# Work task:
Your copy should hold only the lines from the one containing "Миксер ручной, мощность" through the final line of the entries, exactly as written, with no pictures.

═══ Extracted records ═══

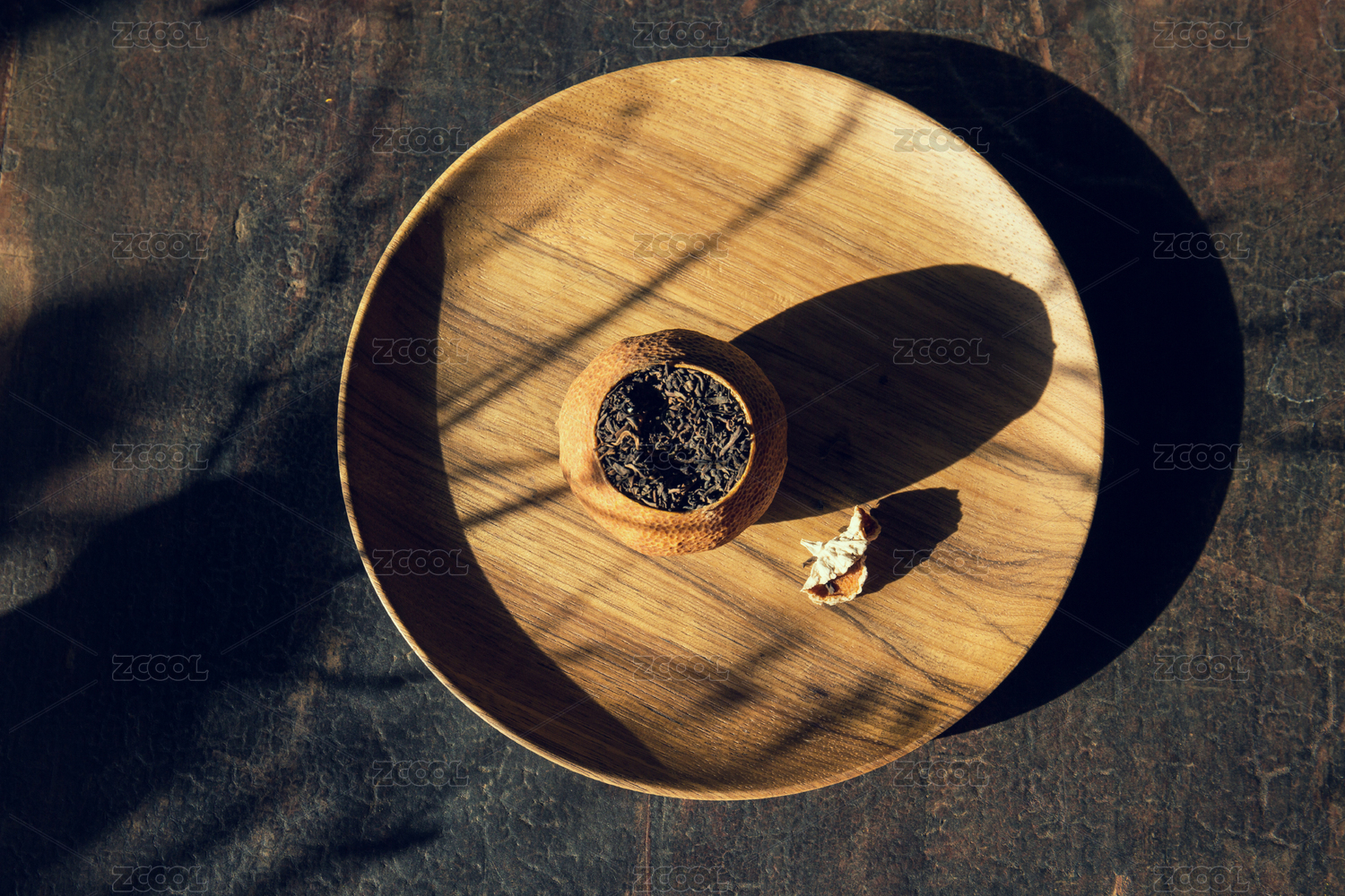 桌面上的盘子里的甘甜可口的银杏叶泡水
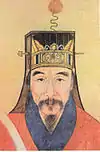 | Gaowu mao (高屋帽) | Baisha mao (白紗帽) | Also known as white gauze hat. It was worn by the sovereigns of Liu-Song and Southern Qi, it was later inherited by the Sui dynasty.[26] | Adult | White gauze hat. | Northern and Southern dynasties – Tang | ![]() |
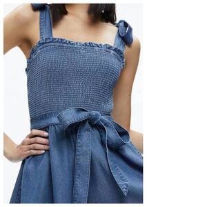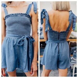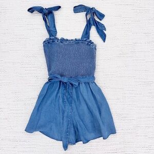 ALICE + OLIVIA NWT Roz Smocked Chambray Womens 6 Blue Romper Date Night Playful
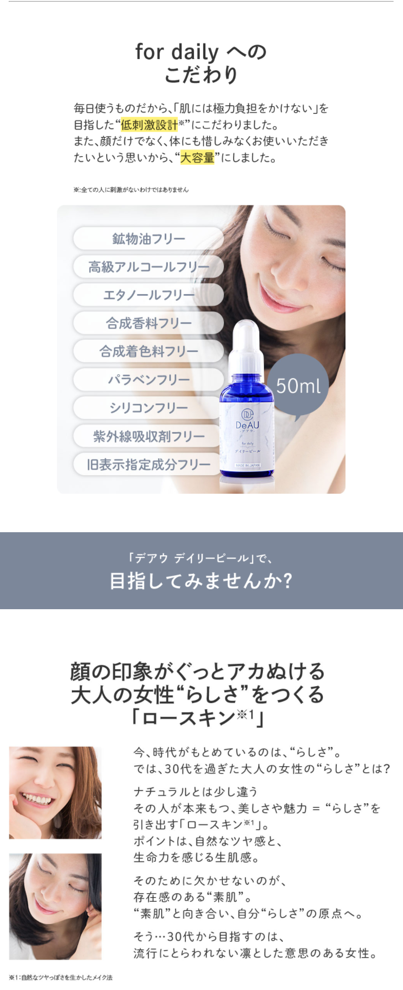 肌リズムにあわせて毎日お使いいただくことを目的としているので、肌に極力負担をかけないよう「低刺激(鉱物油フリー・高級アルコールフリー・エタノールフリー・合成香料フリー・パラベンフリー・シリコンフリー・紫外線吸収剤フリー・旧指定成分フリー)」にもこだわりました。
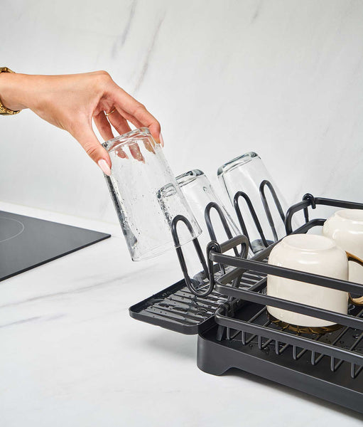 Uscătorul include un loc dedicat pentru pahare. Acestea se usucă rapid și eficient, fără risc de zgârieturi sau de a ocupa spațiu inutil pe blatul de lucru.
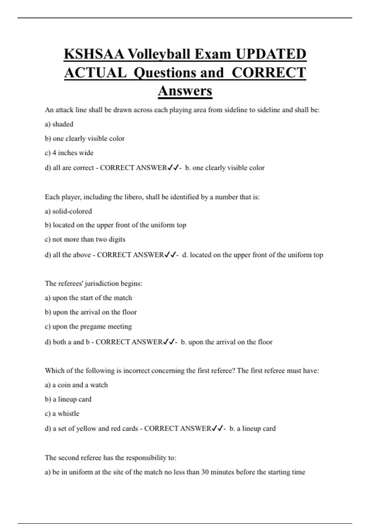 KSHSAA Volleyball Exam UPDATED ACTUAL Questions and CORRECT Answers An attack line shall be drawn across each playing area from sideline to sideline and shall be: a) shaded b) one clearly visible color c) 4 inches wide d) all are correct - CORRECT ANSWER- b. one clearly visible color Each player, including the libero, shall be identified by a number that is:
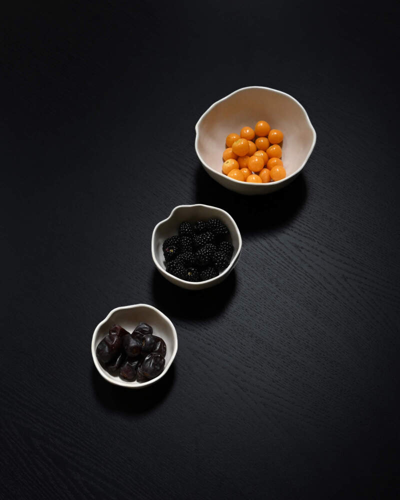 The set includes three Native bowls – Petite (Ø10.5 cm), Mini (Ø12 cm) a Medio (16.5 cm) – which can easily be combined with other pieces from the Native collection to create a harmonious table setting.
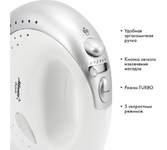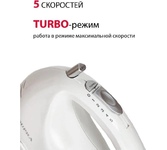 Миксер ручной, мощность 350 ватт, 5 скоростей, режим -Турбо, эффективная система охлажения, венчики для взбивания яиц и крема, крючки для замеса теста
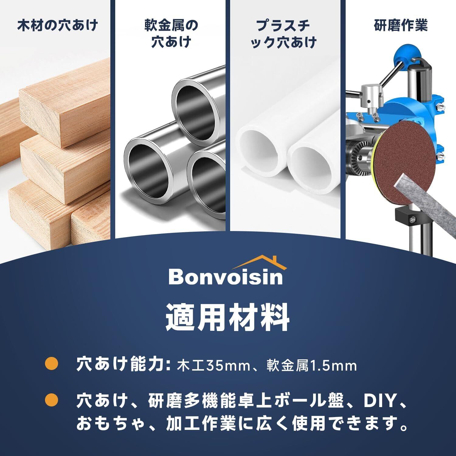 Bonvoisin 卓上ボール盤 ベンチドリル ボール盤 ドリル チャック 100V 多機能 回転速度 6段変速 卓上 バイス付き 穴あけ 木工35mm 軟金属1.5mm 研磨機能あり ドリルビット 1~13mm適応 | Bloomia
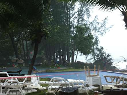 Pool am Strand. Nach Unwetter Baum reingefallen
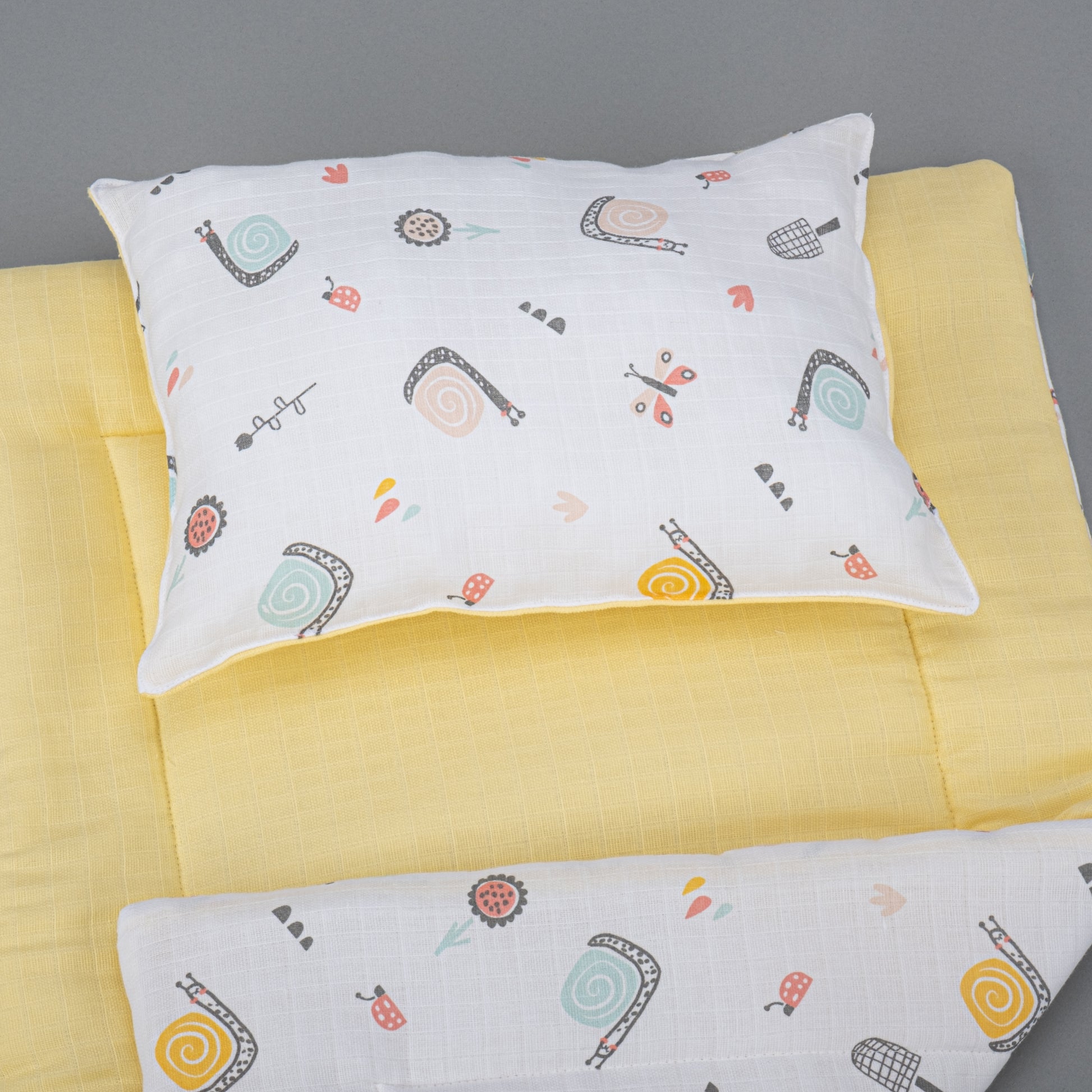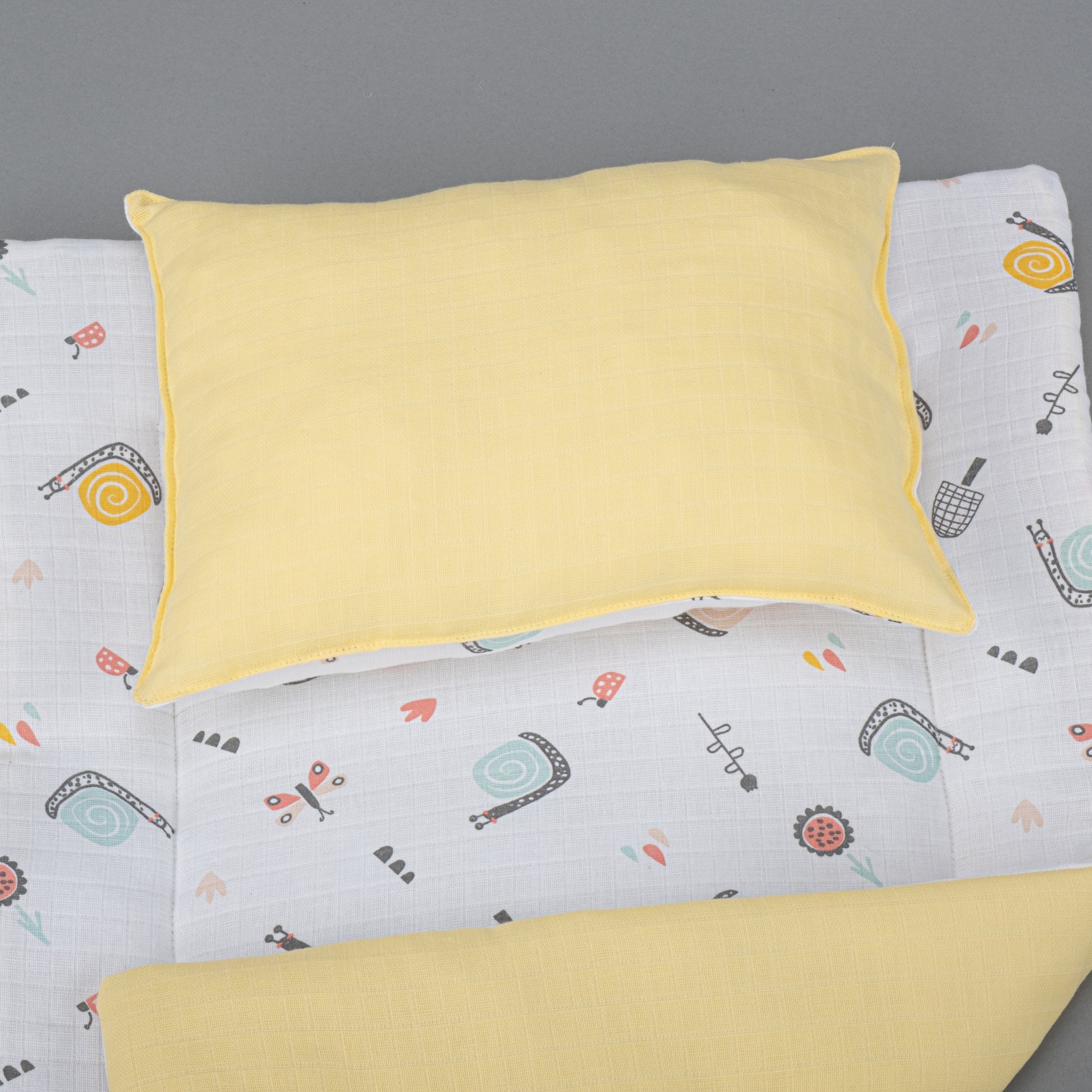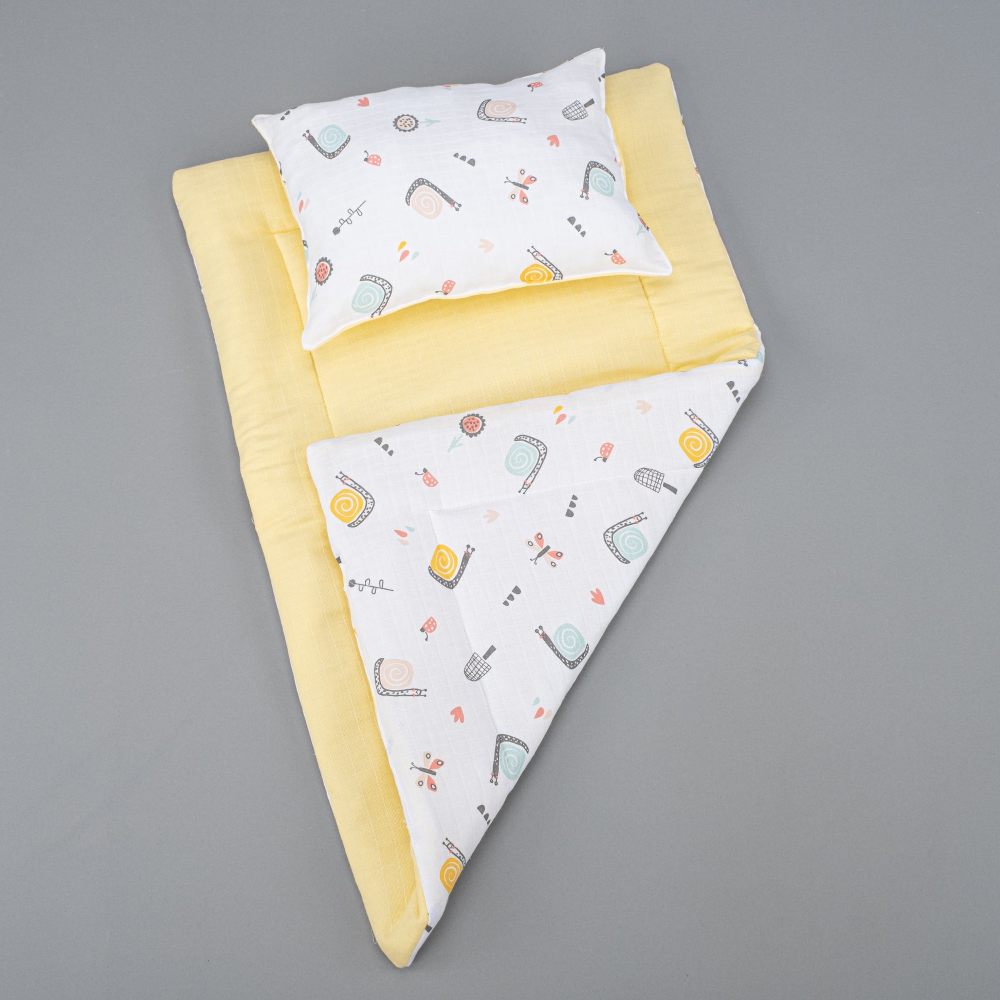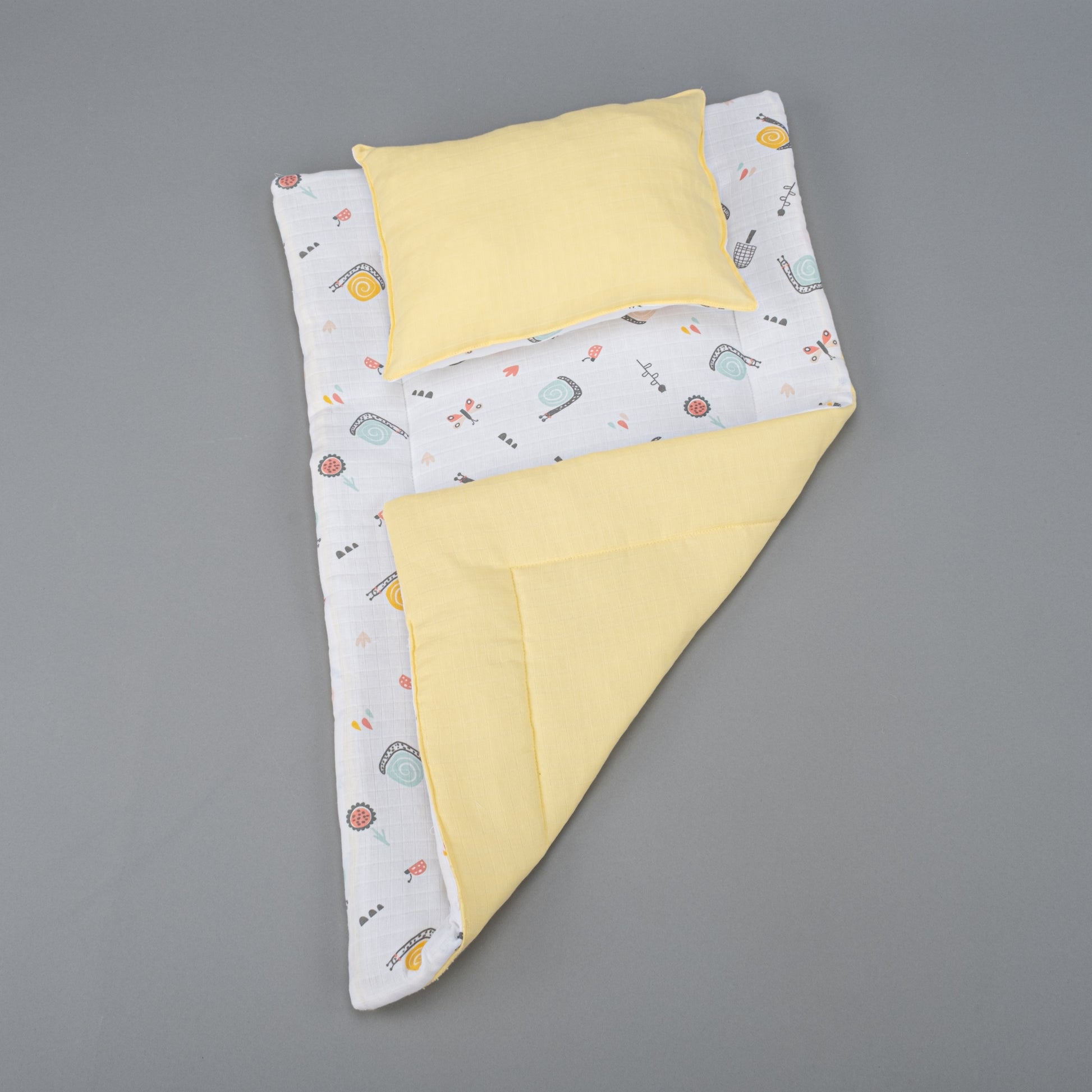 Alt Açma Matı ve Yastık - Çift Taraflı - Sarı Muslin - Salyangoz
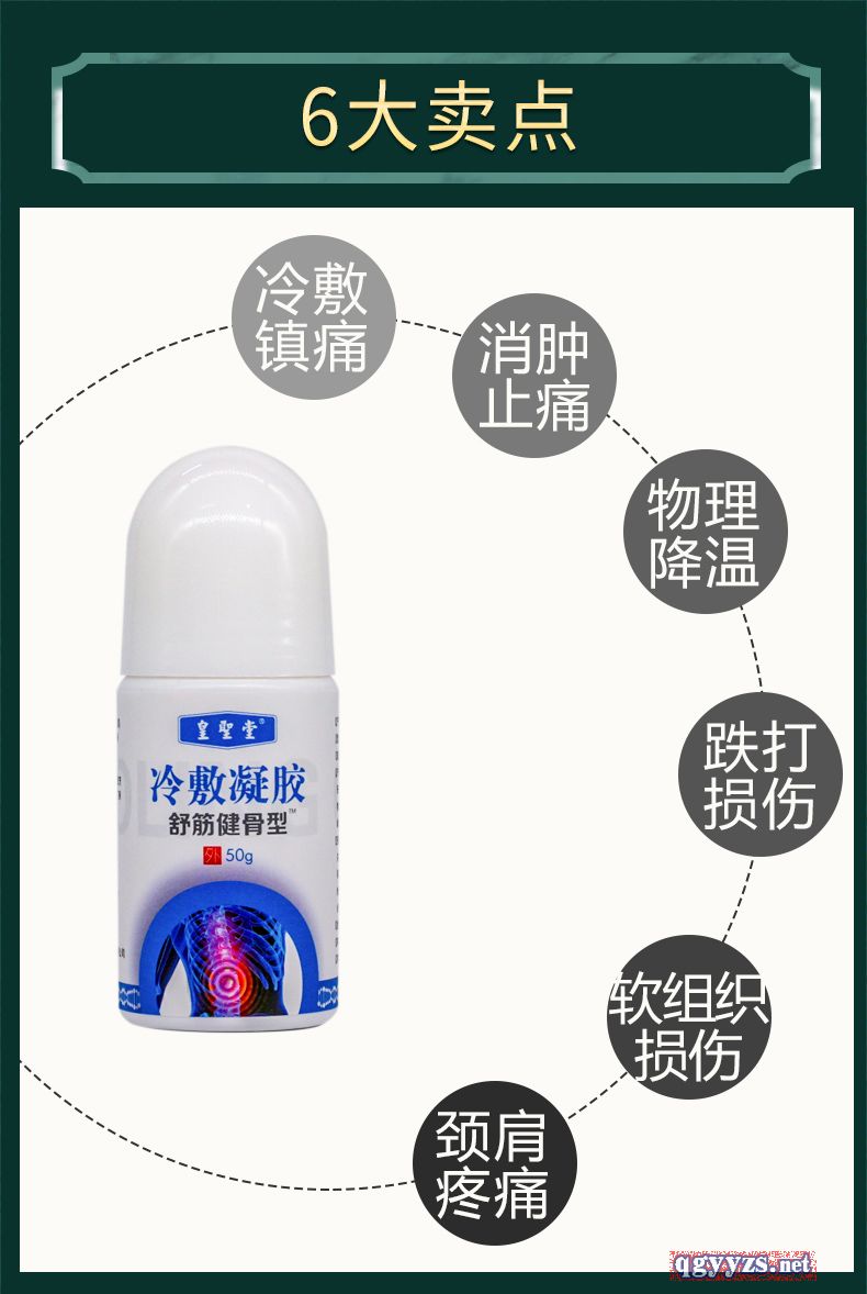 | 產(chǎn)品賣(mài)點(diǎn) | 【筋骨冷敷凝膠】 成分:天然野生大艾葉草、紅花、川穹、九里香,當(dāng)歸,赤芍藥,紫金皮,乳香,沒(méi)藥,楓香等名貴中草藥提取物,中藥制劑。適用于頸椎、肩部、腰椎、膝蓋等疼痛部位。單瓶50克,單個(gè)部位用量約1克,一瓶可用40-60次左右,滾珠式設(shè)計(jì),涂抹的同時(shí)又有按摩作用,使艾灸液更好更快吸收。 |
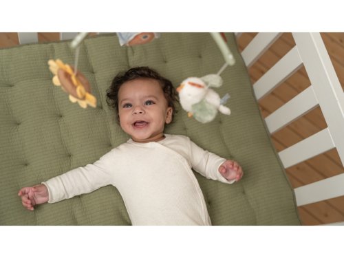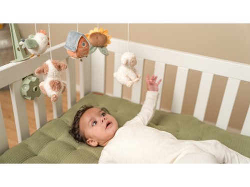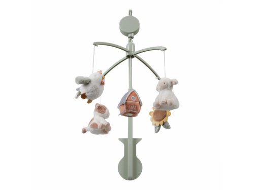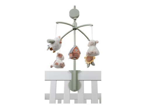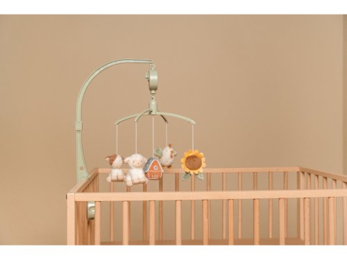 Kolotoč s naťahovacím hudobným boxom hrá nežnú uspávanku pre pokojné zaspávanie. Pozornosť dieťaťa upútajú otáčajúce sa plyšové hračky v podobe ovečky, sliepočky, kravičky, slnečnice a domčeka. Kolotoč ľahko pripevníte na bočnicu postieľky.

═══

# Answer to the exercise:
 Миксер ручной, мощность 350 ватт, 5 скоростей, режим -Турбо, эффективная система охлажения, венчики для взбивания яиц и крема, крючки для замеса теста
 Bonvoisin 卓上ボール盤 ベンチドリル ボール盤 ドリル チャック 100V 多機能 回転速度 6段変速 卓上 バイス付き 穴あけ 木工35mm 軟金属1.5mm 研磨機能あり ドリルビット 1~13mm適応 | Bloomia
 Pool am Strand. Nach Unwetter Baum reingefallen
 Alt Açma Matı ve Yastık - Çift Taraflı - Sarı Muslin - Salyangoz
 | 產(chǎn)品賣(mài)點(diǎn) | 【筋骨冷敷凝膠】 成分:天然野生大艾葉草、紅花、川穹、九里香,當(dāng)歸,赤芍藥,紫金皮,乳香,沒(méi)藥,楓香等名貴中草藥提取物,中藥制劑。適用于頸椎、肩部、腰椎、膝蓋等疼痛部位。單瓶50克,單個(gè)部位用量約1克,一瓶可用40-60次左右,滾珠式設(shè)計(jì),涂抹的同時(shí)又有按摩作用,使艾灸液更好更快吸收。 |
 Kolotoč s naťahovacím hudobným boxom hrá nežnú uspávanku pre pokojné zaspávanie. Pozornosť dieťaťa upútajú otáčajúce sa plyšové hračky v podobe ovečky, sliepočky, kravičky, slnečnice a domčeka. Kolotoč ľahko pripevníte na bočnicu postieľky.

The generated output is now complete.